Presentation: Collaboration Around Curation

Time: Plenary #4, Thursday, March 25, 9:00 – 10:30 am Eastern Daylight Time (UTC -4); this corresponds to 14:00 – 15:30 Central European Time, and 9:00 – 10:30 pm China Standard Time

https://ischools.org/resources/Pictures/iConf2021/hedstrom_margaret.jpgMargaret Hedstrom is the Robert M. Warner Collegiate Professor of Information at the University of Michigan where she teaches in the areas of archives, collective memory, and digital curation. She was the Interim Director of the UM Graduate Certificate Program in Museum Studies, 2018-2020. She was PI for two large NSF-sponsored projects: SEAD (Sustainable Environments – Actionable Data) and an IGERT traineeship called “Open Data” that investigated tools and policies for data sharing and data management across multiple disciplines. She was a member of the Board for Research Data and Information, National Academy of Sciences and chaired the National Research Council study committee on Data Curation Workforce and Education Issues. She has served on numerous national and international boards, including the National Digital Strategy Advisory Board to the Library of Congress, the Advisory Committee on Historical Diplomatic Documentation, U.S. Department of State, the ACLS Commission on Cyber-Infrastructure for the Humanities and Social Sciences and the International Scientific Advisory Board to the CATCH program, NWO, the Netherlands.
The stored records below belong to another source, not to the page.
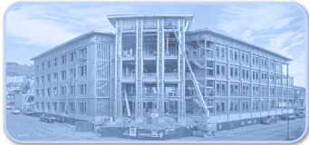
Live Streaming Video

Specification includes camera system and managed services
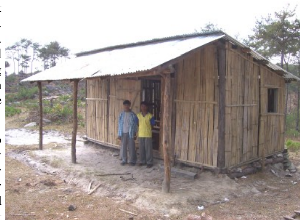
The school and teachers in Kut

** Stay tuned for next month's article where we will answer specific questions about a UUS partner church relationship with Kut.
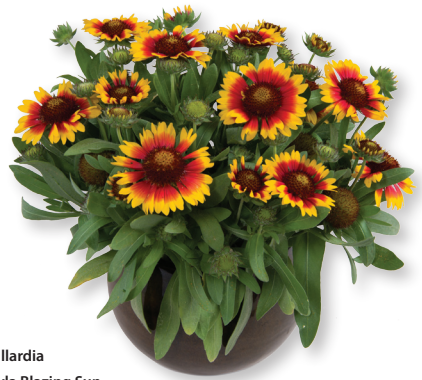
Gaillardia Gayla Blazing Sun

The Galya series from Danziger has several new varieties. G. x grandiflora additions include: Wild Fire has large-sized red with yellow rim flowers and a compact mounded habit. It flowers continuously and is hardy to Zone 5. Continuously flowering Blazing Sun has large deep red and intensive yellow flowers and a mounded compact habit. It's hardy to Zone 5. Red Head flowers continuously with unique glaring orange-yellow flowers with dark red centers. Hardy to Zone 5. Corneto

Hedstrom is a fellow of the Society of American Archivists and recipient of a Distinguished Scholarly Achievement Award from the University of Michigan for her work with archives and cultural heritage preservation in South Africa.
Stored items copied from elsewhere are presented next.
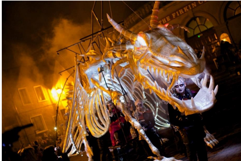
Street Arts Forms clockwise from top left: Music Performance [1], Street Theatre [2], Puppetry and Procession [3] and Installation [4].
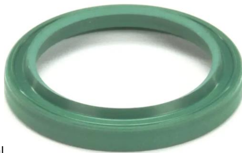
Part # 4532394 – Shaft Seal
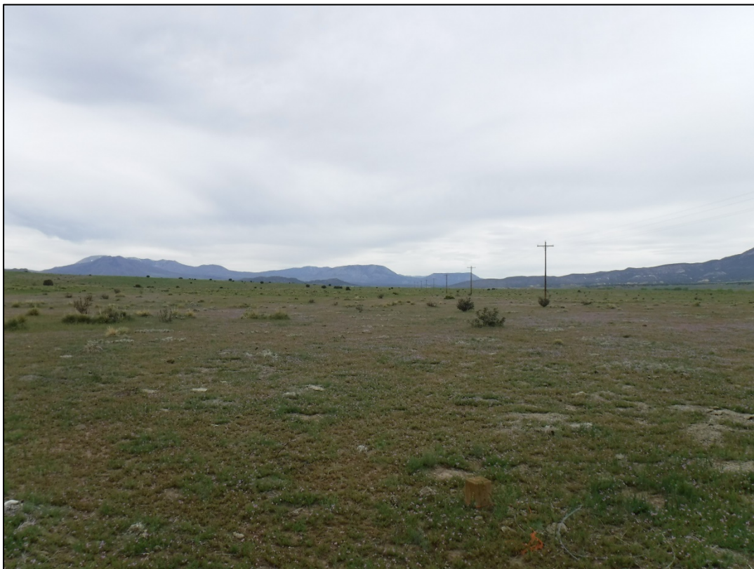
Photo 2: Looking west across permit area along the power line corridor

From the speaker: The term curation has become overused and abused, so much so that its ubiquity has made the word “curation” meaningless. Curation has a long history of practice in archives, museums and libraries. In the last decade, curation has emerged as a challenge in many other areas under the iSchool umbrella, such as data science, web analytics, and moderation on social media platforms. This address will identify commonalities and differences in the conceptualizations and practices of curation across the fields of research and teaching in iSchools. It will identify areas where research that cuts across these field could be mutually beneficial.